Retinoic acid
Retinoic acid (RA) signaling plays a key role in the development and function of several systems in mammals.
Retinoic acid (RA) and nerve growth factor (betaNGF) were found to be potent enhancers of neuronal differentiation, eliciting extensive outgrowth of processes and the expression of neuron-specific molecules.
Retinoic acid serves as a modulator of neurofilament expression in this in vitro model of nerve regeneration 1).
Retinoic acid (RA), a developmental morphogen, has emerged in recent studies as a novel synaptic signaling molecule that acts in mature hippocampal neurons to modulate excitatory and inhibitory synaptic transmission in the context of homeostatic synaptic plasticity. However, it is unclear whether RA is capable of modulating neural circuits outside of the hippocampus, and if so, whether the mode of RA's action at synapses is similar to that within the hippocampal network.
Yee and Chen explore for the first time RA's synaptic function outside the hippocampus and uncover a novel function of all-trans retinoic acid at inhibitory synapses. Acute RA treatment increases spontaneous inhibitory synaptic transmission in L2/3 pyramidal neurons of the somatosensory cortex, and this effect requires expression of RA's receptor RARĪ± both pre- and post-synaptically. Intriguingly, RA does not seem to affect evoked inhibitory transmission assayed with either extracellular stimulation or direct activation of action potentials in presynaptic interneurons of connected pairs of interneuron and pyramidal neurons.
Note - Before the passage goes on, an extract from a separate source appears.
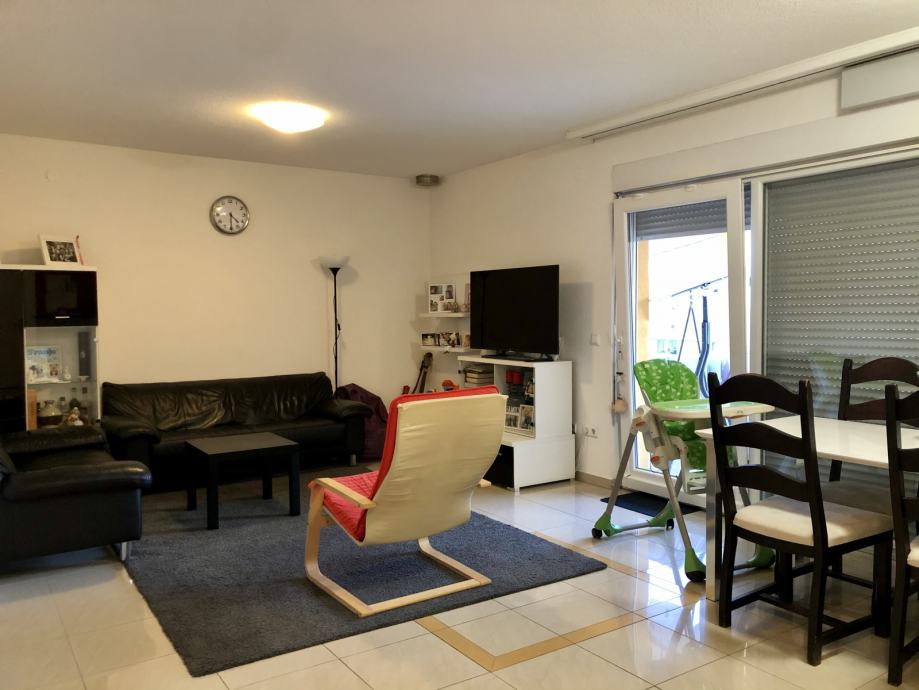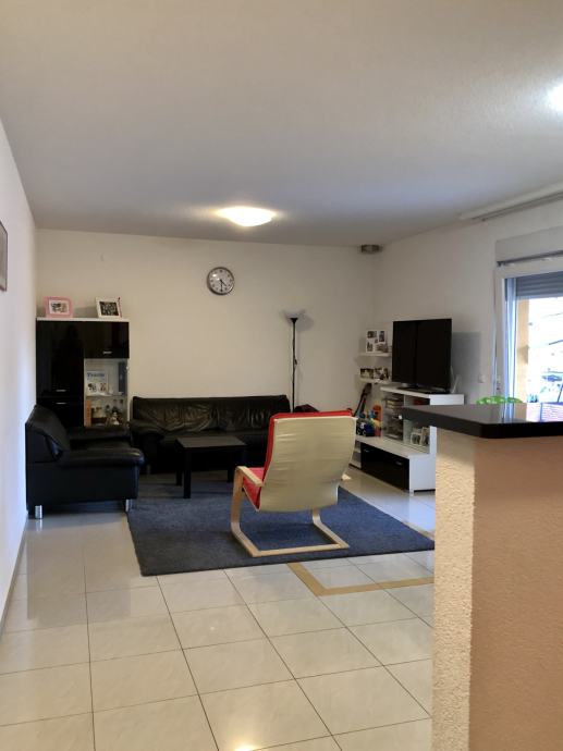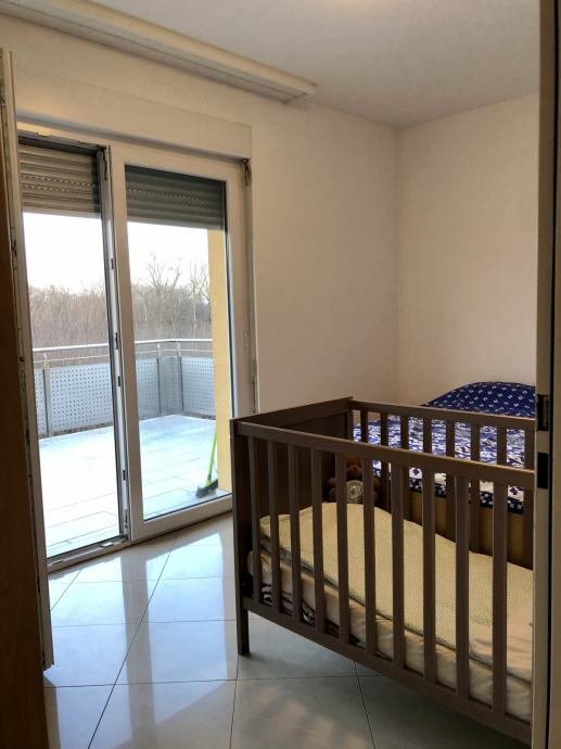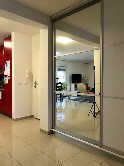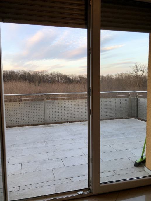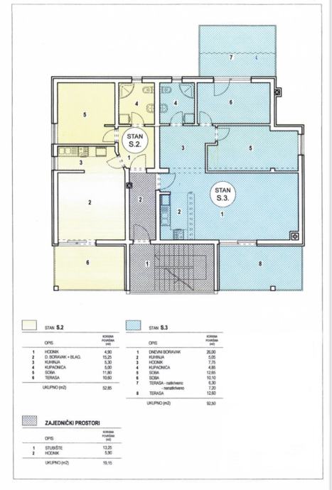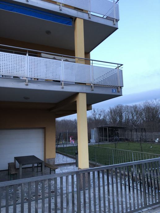 Prodaje se stan (S3) na 1. katu veličine 66,40 m2 s dvije velike terase 12,60 m2 i 13,50 m2. Stanu pripada i jedno parkirno mjesto te vrt od 235,24 m2. Ukupna neto kvadratura nakon obračuna koeficijenata iznosi 103,67 m2.

Taken together, these results suggest that RA's action at synapses is not monotonous, but is diverse depending on the type of synaptic connection (excitatory versus inhibitory) and circuit (hippocampal versus cortical). Thus, synaptic signaling of RA may mediate multi-faceted regulation of synaptic plasticity 2).
Carbenoxolone, quinine, mefloquine, quinidine, anandamide, oleamide, heptanol, octanol, meclofenamic acid, niflumic acid, flufenamic acid, glycyrrhetinic acid and retinoic acid have all been evaluated on animal seizure models.
There is a possible relationship of the myelocystocele to teratogens such as loperamide HCl and retinoic acid, although the exact etiology of this entity is not known 3).
NTera-2 (NT2) cells are a human embryonal carcinoma (EC) cell line derived from a teratocarcinoma that differentiate exclusively into postmitotic neurons in vitro following retinoic acid (RA) treatment.